Use Data Science to Boost Your Job Hunting

Posted on Aug 22, 2016


Job hunting can be very hard. A serious job seeker needs to spend dozens, if not hundreds of hours on job market research, finding out who are hiring, what skills employers are looking for, and what industry they want to work in. More importantly, once obtained that information, job seekers also need to make sure that their resumes and profiles are well polished, to tell recruiters how well they fulfill the job requirements.
As a data scientist, how could one utilize data analytics skills to accelerate this time-consuming job searching process, and acquire meaningful insights through the market data? This article will give you an example.


A well-designed pipeline is the foundation of a successful data science project. As shown in Figure 1, a working pipeline for this project includes extracting data from a reliable source, clean and transform data into a proper format, which can be used for later analysis, and utilize different data science skills to obtain insights from the data.

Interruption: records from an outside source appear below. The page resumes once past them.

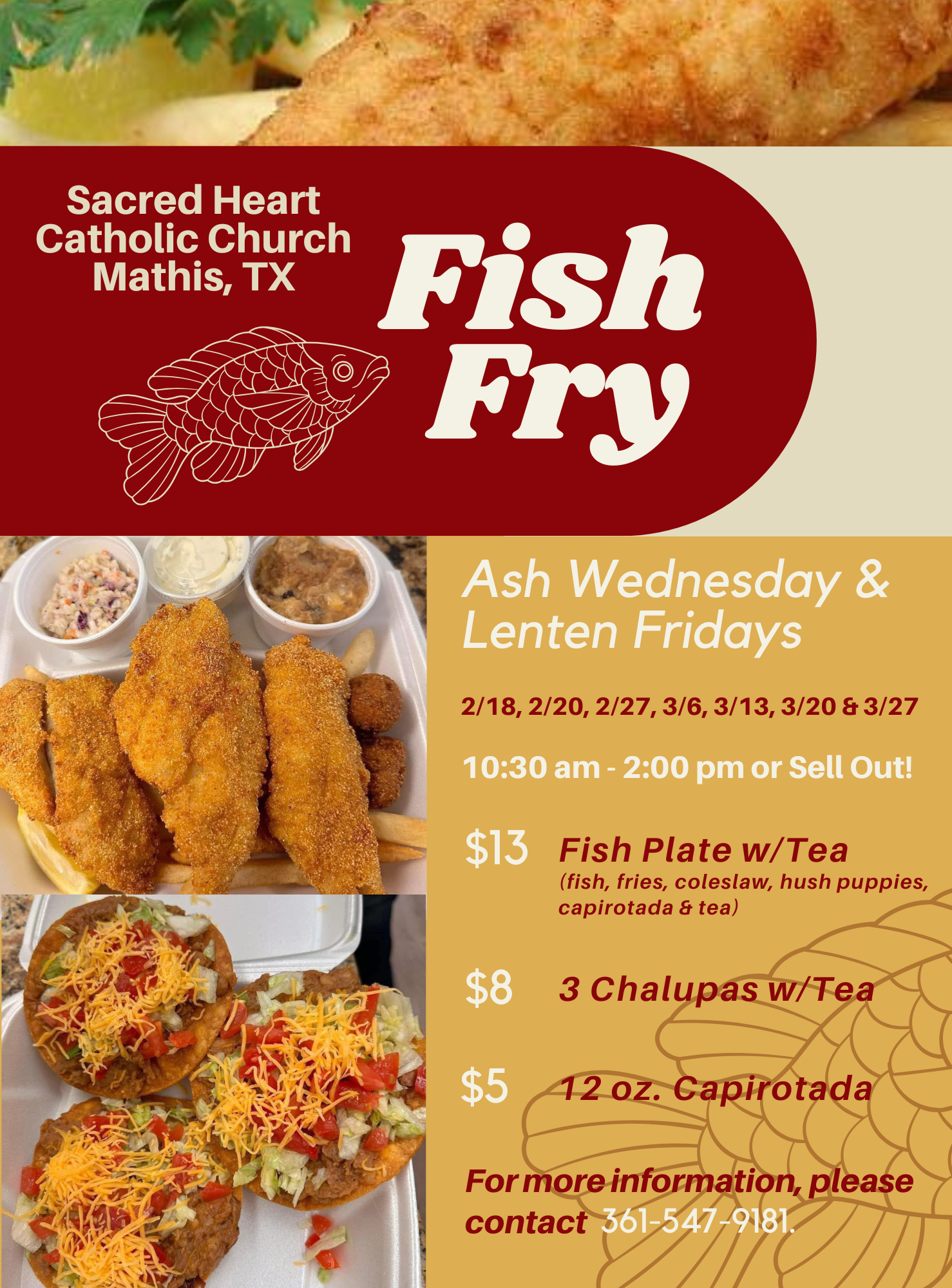 Come out and support Sacred Heart Parish in Mathis during their Lenten Fish Fries! The food is delicious and worth the drive. Dine-in, carryout, drive thru and local delivery available.
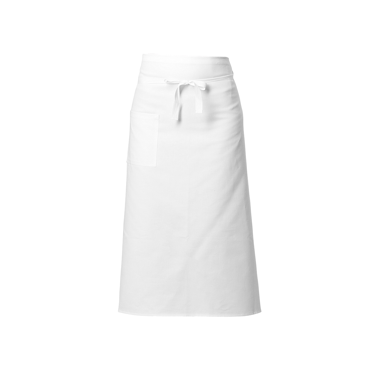 Zástěra dlouhá s kapsou bílá 100 % bavlna, gramáž 205 gr/m2, délka zástěry je cca 74 cm, šířka cca 87 cm
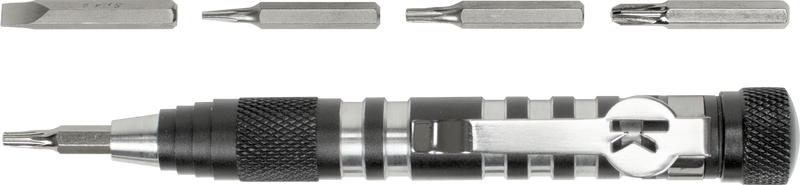 The TX-Tool is a compact multi-tool designed specifically for Kershaw knife owners, featuring five interchangeable bits including T-6, T-8, and T-10 Torx bits plus slotted and Phillips screwdriver bits for adjustments and maintenance. The 4.8" aluminum tool weighs 1.1 oz and includes a magnetic bit driver tip for easy bit changes and storage. Ideal for tightening pocket clips, adjusting screws, and maintaining Kershaw and Kershaw-Emerson folding knives.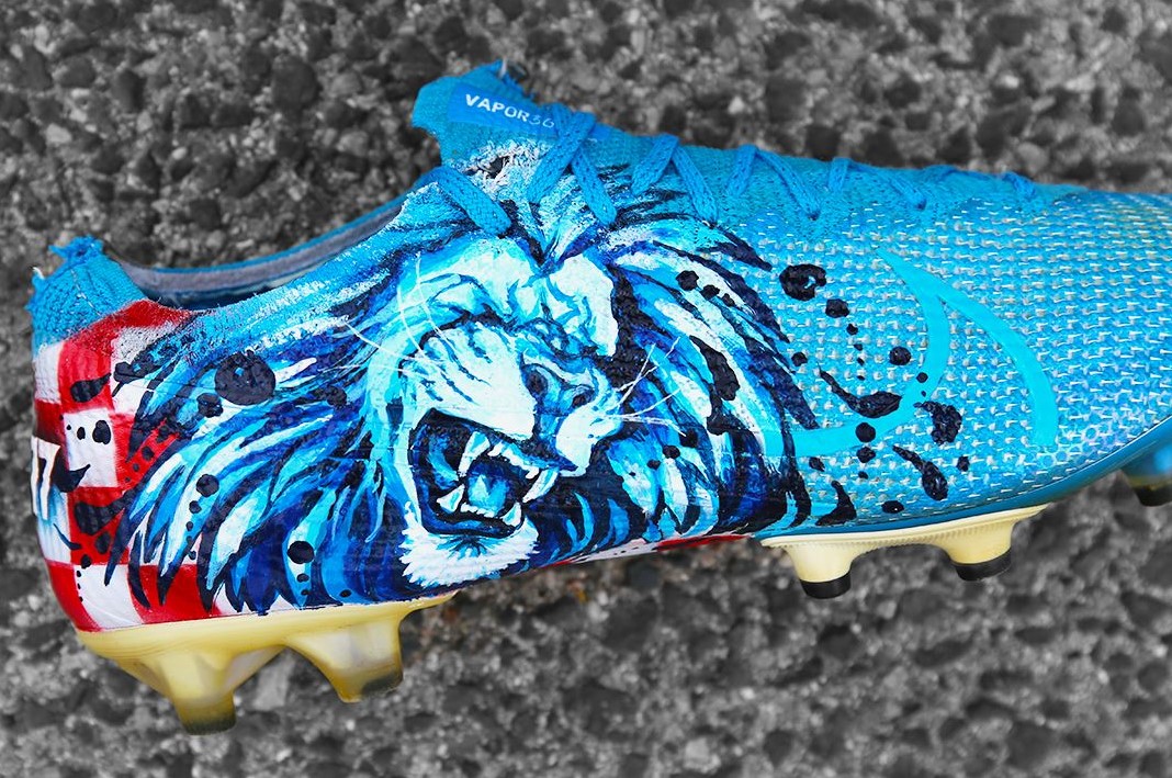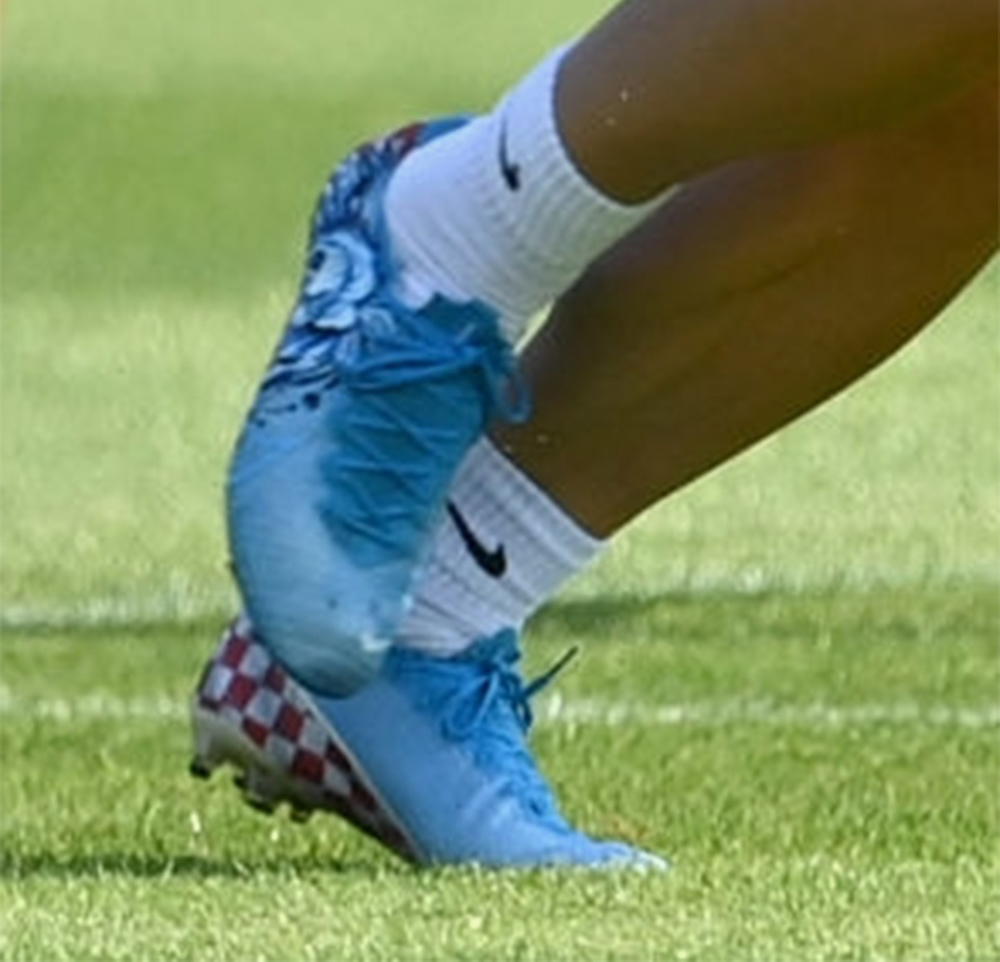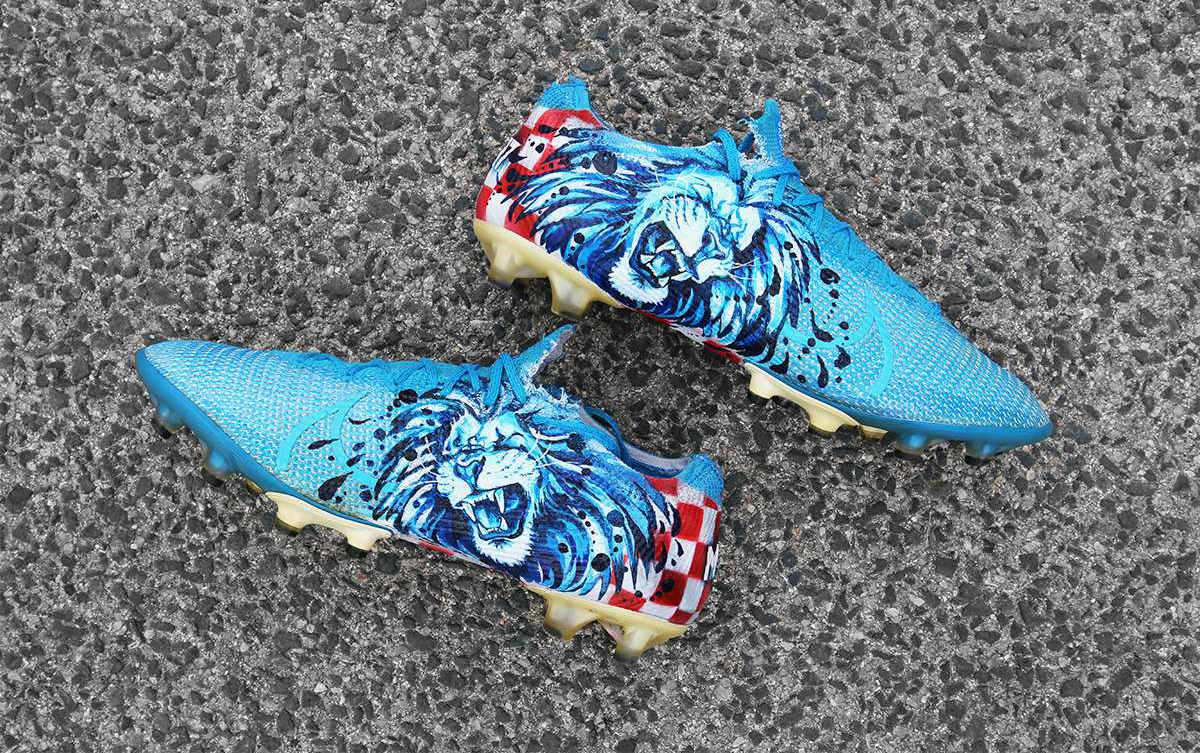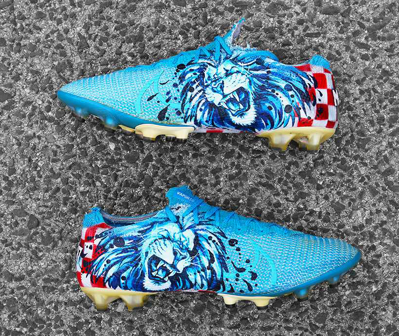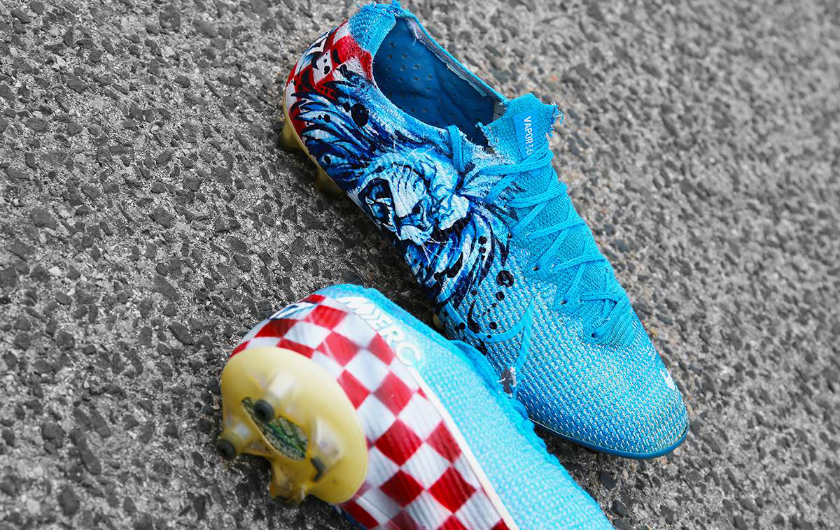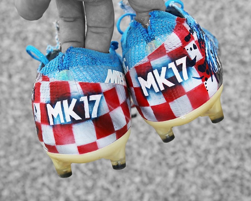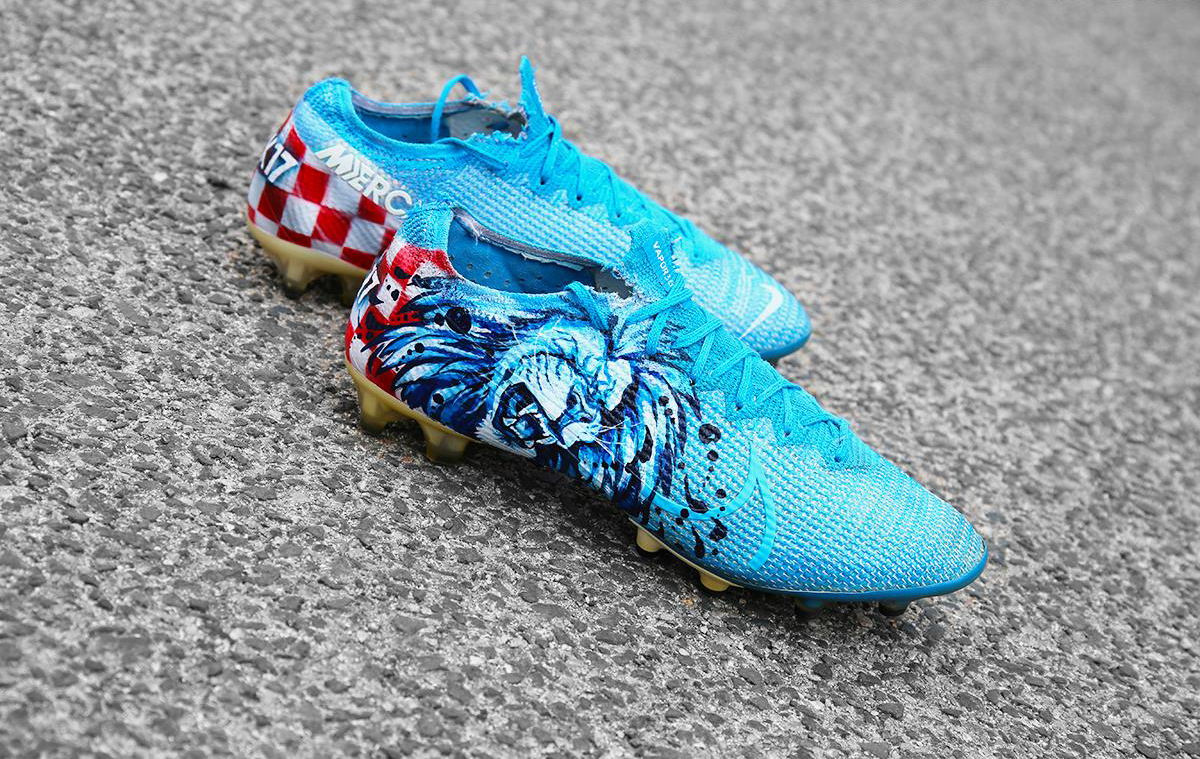 코바시치가 신은 푸른색 축구화는 '나이키의 머큐리얼 베이퍼 13'으로, 코바시치 선수를 위해 커스텀 제작한 축구화로 보입니다.

[Figure 1. Project Pipeline]

Data Collection

LinkedIn, as the most popular social network for professionals, provides a massive number of highly reliable and up-to-date recruiting information through its job posting platform. Therefore, it can be used as a reliable data source for this analysis.
With the help of Requests, BeautifulSoup and Regex packages, a Python script was written to search pre-defined job searching keywords on LinkedIn, and collect job listings URLs from the search results. Four keywords were used during this step: "Business Analytics," "Business Intelligence," "Data Scientist," and "Machine Learning." These are terms that been commonly used in the industries when people talk about "data science." In addition, all searches were limited to greater New York City Area.
Next, another script opens all the job links, save the HTML page, then parse posting details from the collected HTML files. This data collection process continued for two weeks, which collected over 2500 job postings (the search results of different keywords might contain duplicated job postings, thus jobs in this dataset were not necessarily unique)

VizΒ Visualization & Quick Insights

1. Results by Keywords

Figure 2 shows the number of jobs found with each keyword. It seems that "Business Analytics" returned the largest number of job listings, which is understandable because this is the least clearly defined term that been over-used by many companies. On the other hand, "Machine Learning" only returned less than 300 jobs, which is less than half of the amount that returned by other keywords. This might imply that there are not as many job opportunities that specifically requiring machine learning expertises; however, there is also a chance that observations are biased due to the short time range of job collection.

Search Results by Keywords

[Figure 2. Search Results by Keywords]

2. Most Popular Job Functions

Each job posting on LinkedIn is associated with one or more job functions. Figure 3 displays a word cloud that illustrates the most popular job functions along with the number of appearances. Apparently, information technology, with more than twice as many appearances as others, is the no.1 job function that is related to sample jobs. Other frequently appeared functions include analyst, marketing, research, and engineering.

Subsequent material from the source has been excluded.